Current treatment options for AD are still limited to acetylcholinesterase inhibitors, receptor antagonists or other supportive methods that can temporarily alleviate symptoms but cannot stop or reverse the progression of AD (Dong, Li, Cheng, & Hou, 2019). Therefore, searching for novel bioactive ingredients for the treatment of Aβ production and accumulation from natural plants has been the subject of research towards the optimal treatment for AD (Kim, Sohn, Kim, Na, & Jeong, 2020). Unlike the chemical drugs, natural polysaccharides, especially plant polysaccharides, have a broad development prospect due to their good biocompatibility, biodegradability, non-toxicity, low cost, and abundance (El-Hawary et al., 2020). Many natural polysaccharides derived from plants possess proven biological properties, including anti-oxidation (Tang et al., 2020), anti-inflammation (Guo et al., 2018), anti-tumor activities (Yang, Guo, Zhang, & Wu, 2007), and improvement of cognitive functions (Zhou et al., 2020). The resource utilization rate of durian is low, and the edible pulp only accounts for one-third of the whole. Most studies on durian seeds remain at the level of nutritional characteristics and application of seed gum (Mirhosseini & Amid, 2013). There are few reports on the active substances in durian seeds (Liu et al., 2013), and even the active polysaccharides in durian seeds have not been reported. In addition, compared with natural plant polysaccharides, low molecular weight plant polysaccharides have better utilization (Liu, Tang, Song, & Ge, 2021).
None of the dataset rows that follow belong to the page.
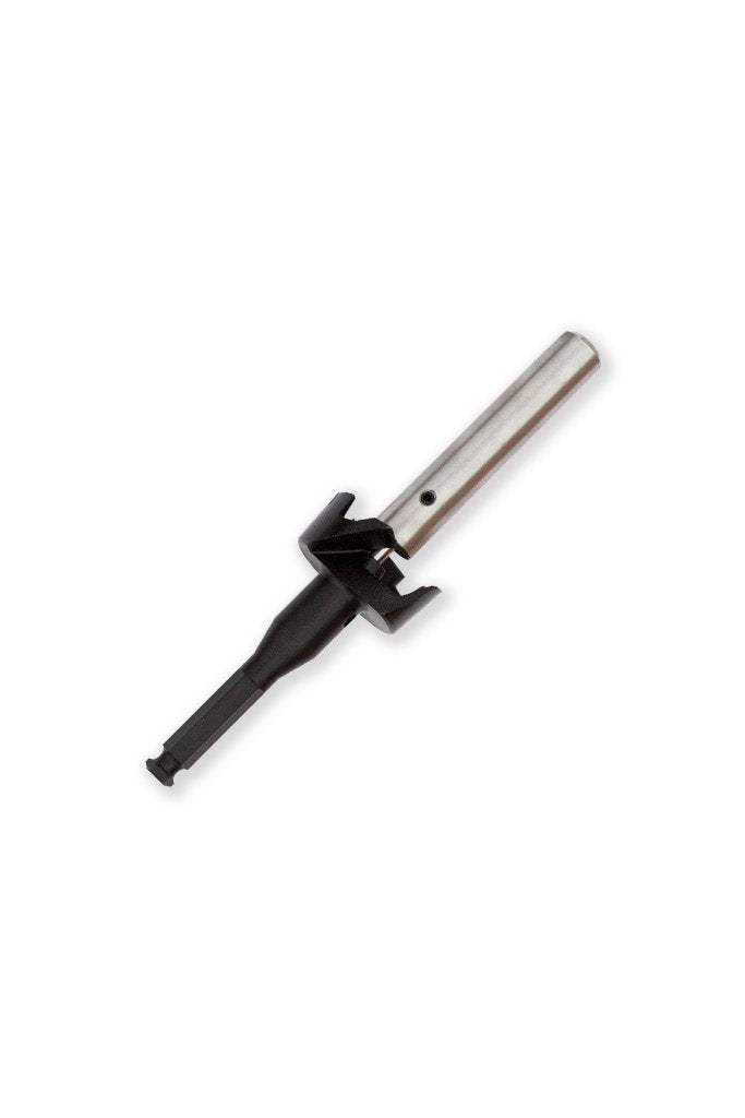 This custom made bit is used after a 3/4" diameter pilot hole is drilled into the host tree. The 3/4" pilot bit is used whenever a 1" lag receives a 2" boss.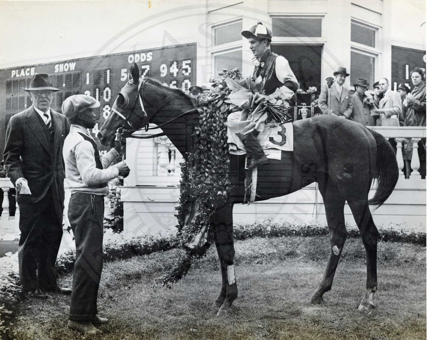 Unidentified horse sitting with winners wreath and jockey mounted. |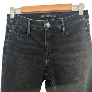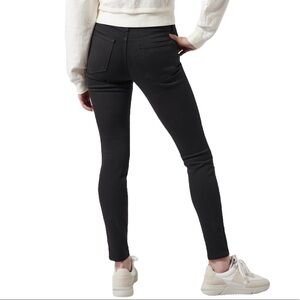 Sits at natural waist, fitted, fits slim through the leg and eases up at the calf. Innovative sculptek fiber stretches every way you do then snaps back into place. 5 pocket design.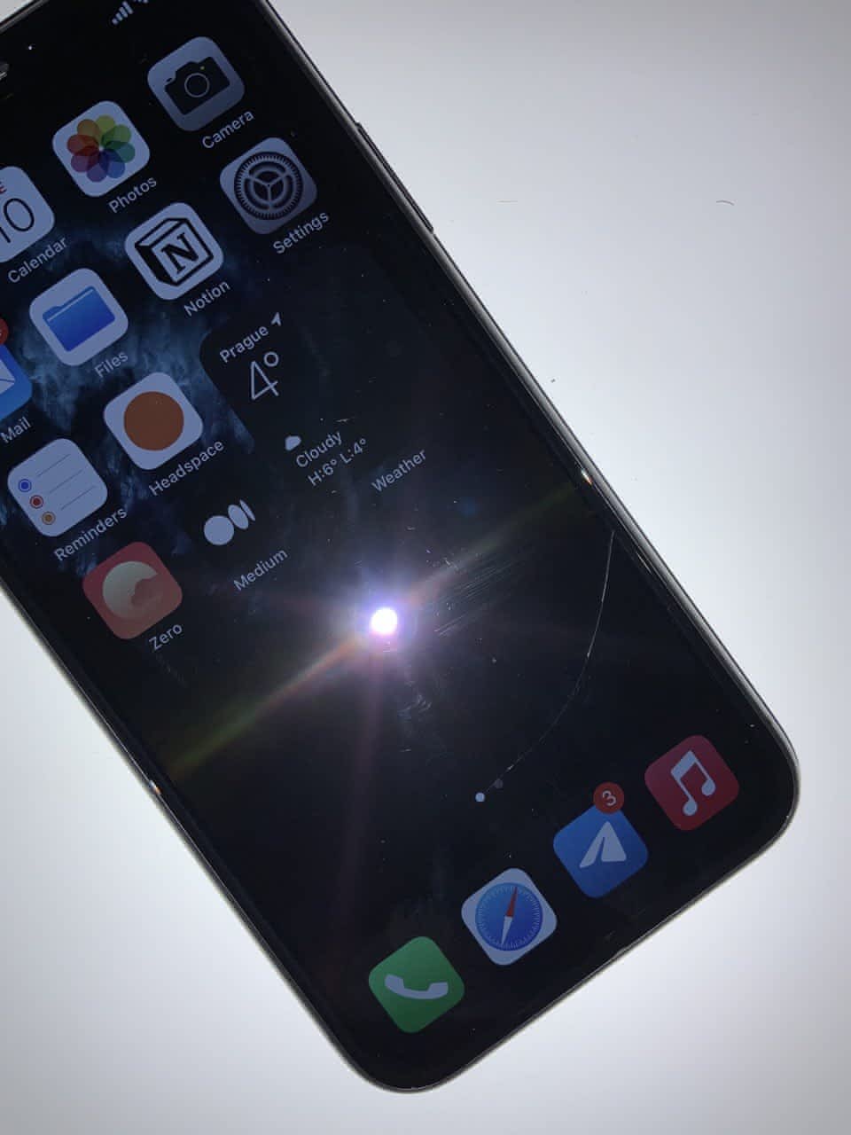 iPhone je komplet s příslušenstvím. Má však jednu nemilou estetickou vadu, jak je na fotkách vidět, je na displeji viditelný škrábanec, způsobeným položením telefonu na stůl na kterém byl kousek písku. Nepůsobí žádné problémy při používání, také to rozhodně není prasklina, jen hlubší škrábanec – doporučuji osobní převzetí (praha). Dávám kvůli tomu na telefon slevu oproti standardním nabídkám. Jinak je telefon ve velmi dobrém stavu.

In this study, enzymatic hydrolysis was used to extract polysaccharides from durian seeds, plasma treatment was employed to effectively degrade the crude polysaccharide of durian seeds. The DPPH radical scavenge capacity and anti-Aβ aggregation activity of polysaccharides from durian seeds were evaluated in vitro. Gel filtration chromatography was performed to obtain the target polysaccharide DSPP-1. The physicochemical properties and chemical structure of DSPP-1 were comprehensively investigated, and the anti-AD activity of DSPP-1 in vivo was evaluated in transgenic C. elegans CL4176 model. Hopefully, this study will provide sufficient experimental evidence of anti-AD activity and potential for further development and utilization of durian seed polysaccharides.